村上春樹のエッセイ「村上春樹堂はいかにして鍛えられたか」を読んだときのこと。
この中で、彼自身が育った地域の教育システムについての批判らしき文章がありました。
その地域とは兵庫県の神戸市近郊であり、中学時代のそこでの教師の体罰について、
いまでも苦い思い出として残っている・・・と書かれていました。
そして、その本が刊行された1997年。あの忌まわしい容疑者「酒鬼薔薇聖斗」による、
児童連続殺傷事件が起こります。
そう、神戸を舞台にした連続児童殺傷事件です。
本の刊行されたのは1997年の6月。そして事件は2月に起こっているのですが、
このエッセイ集は週刊朝日誌上での連載をもとにまとめられたものなので、
執筆されたのは事件よりももちろん以前。つまり、村上春樹はエッセイ内で事件の深層を示唆
するような文章を前もって書いていたことになります。
――と、どちらもちょっと怖めの事件に関するシンクロニシシティのお話になってしまいましたが、
そこまでではなくとも、本屋に行ってなんか引っかかる、人の話の中で心に残っている、
そういった本を購入すると、思いがけずにそういったセレンディピティを得ることができます。
そういう経験は本当によくあります。
(なぜか続くときにはこういうことは連続しておこるものですが)
そして、もうひとつ最近あったエピソードを。
僕はなぜか学生時代、60年代-70年代起こった学園紛争、学生運動について書かれた本が
結構好きでした。もちろん僕自身は本当にちゃらちゃらした大学生活を送っていたため、
そういったポリシーも思想も皆無です。でも、なぜか興味があったんですね。
自己分析をするに、父がいなかったためにその世代(自分の親の世代)の話には興味があり、
どこかそこに自分の中での父性、父権といったものを探していたのかもしれません。
そして、ブログにも書きましたが最近実の父との交流が復活し、
あるときに親父と一緒に食事をしながら、おたがいの昔話をしていたときに、あらぬことから
日大の歯学部生だった父が、当時の学生運動に関わっていたことを知ることになるのです。
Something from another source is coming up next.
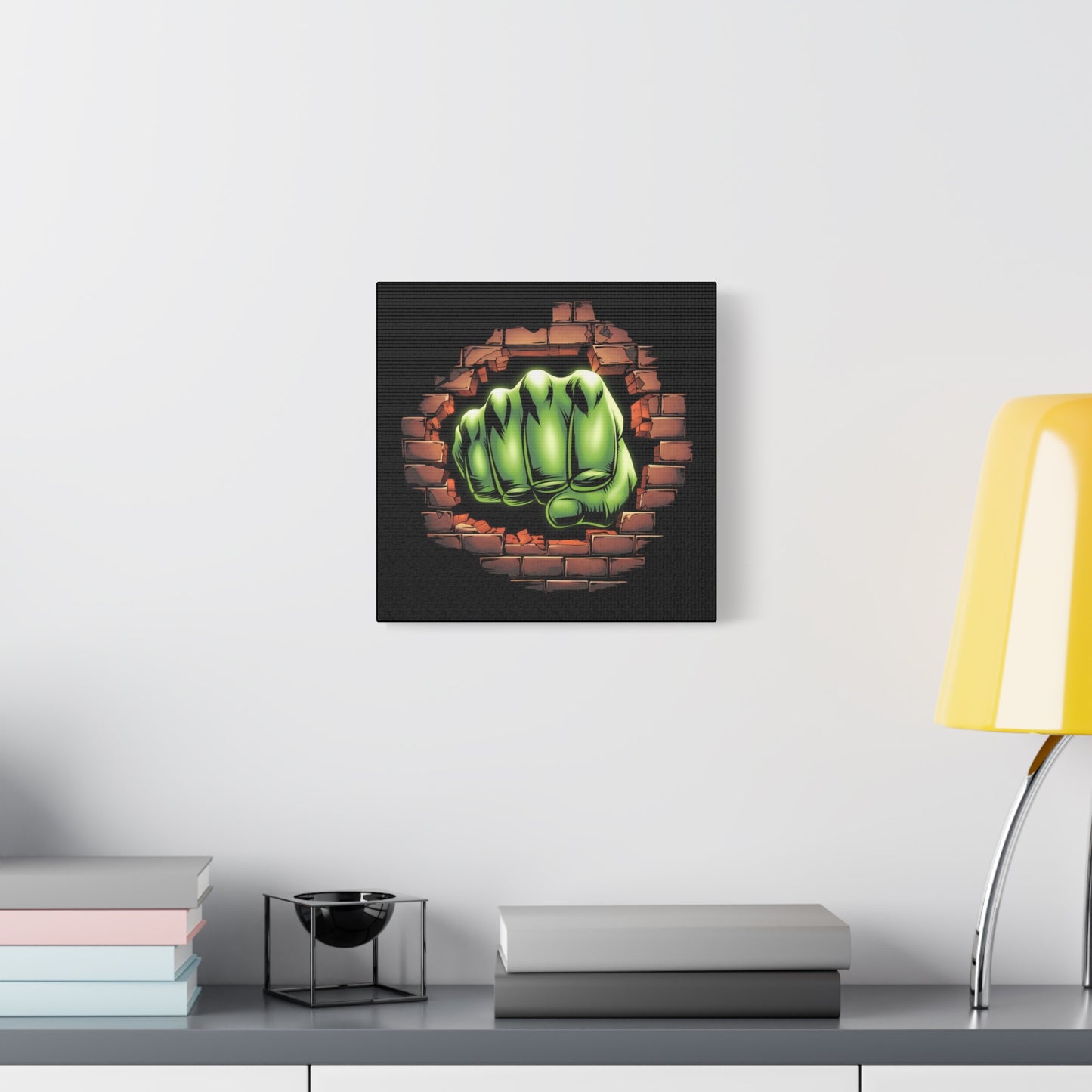 A fun wall canvas featuring the Green Fist smashing through the wall. This bold and unique design adds a touch of excitement to any room. Perfect for those who love quirky and eye-catching art pieces. Relevant for birthdays, holidays, and home decor.
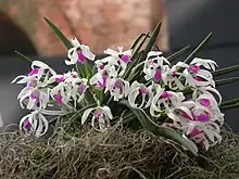 While living in Brazil, the Danish Botanist Johan Albert Constantin Löfgren received an Orchid from Itatiaia, Rio de Janeiro, with flowers reminiscent of the Leptotes, although its lip petal formed a pouch. He described it as Leptotes blanche-amesiae, also noting it had a pending habit and thin flat leaves.[17] Later work on the genus by Frederico Carlos Hoehne led him to conclude that this species, despite being closely related to the Leptotes, would be better placed in another genus. He proposed the genus Loefgrenianthus, in hommage to Loefgren.[18] In 1934, Hoehne also described a new species, Leptotes pauloensis, naming it so because it was found in São Paulo State. This species is closely related to Leptotes tenuis but its flowers have different colors. For decades taxonomists were divided on whether this should be considered a new species, partly due to the fact it was so rare, indeed, Guido Pabst considered it a synonym of L. tenuis.[14] Recently many new colonies have been discovered and Withner now proposes that L. pauloensis should be accepted as a separate species.[9]

そのときの心境は・・・驚いたというよりも納得でした。
そして思いました。20年以上も一切会話もなく、とくに彼のことを僕は父と思えたことは
いままでありませんでした。
しかし、その話を聞いて、やはり僕はこの人の血を受け継いでいるのだ、と思いました。
学生時代、読んだ本の中に僕はまだ見ぬ父の姿を求め、
そして本当の父の姿がそこにはあったのです。
よく「歴史小説が好きな人」は前世が武士だったとか、「ヨーロッパ旅行が好きな人」は
前世でヨーロッパに住んでいたとか言ったりしますが、前世の記憶とかいうあいまいなものじゃなく、
実際に自分が引いている血筋、遺伝子といってもいいかもしれません――が、いまの自分の
趣味・嗜好に多大なる影響を及ぼしていることは間違いないですものね。
最近読んだ本の中でのオススメは楡周平「ワンス・アポン・ア・タイム・イン・東京」。
東大安田講堂事件から現代へと続く、まさに「華麗なるの血」のエンターテイメント巨編。
イッキに読んじゃいました。最高です!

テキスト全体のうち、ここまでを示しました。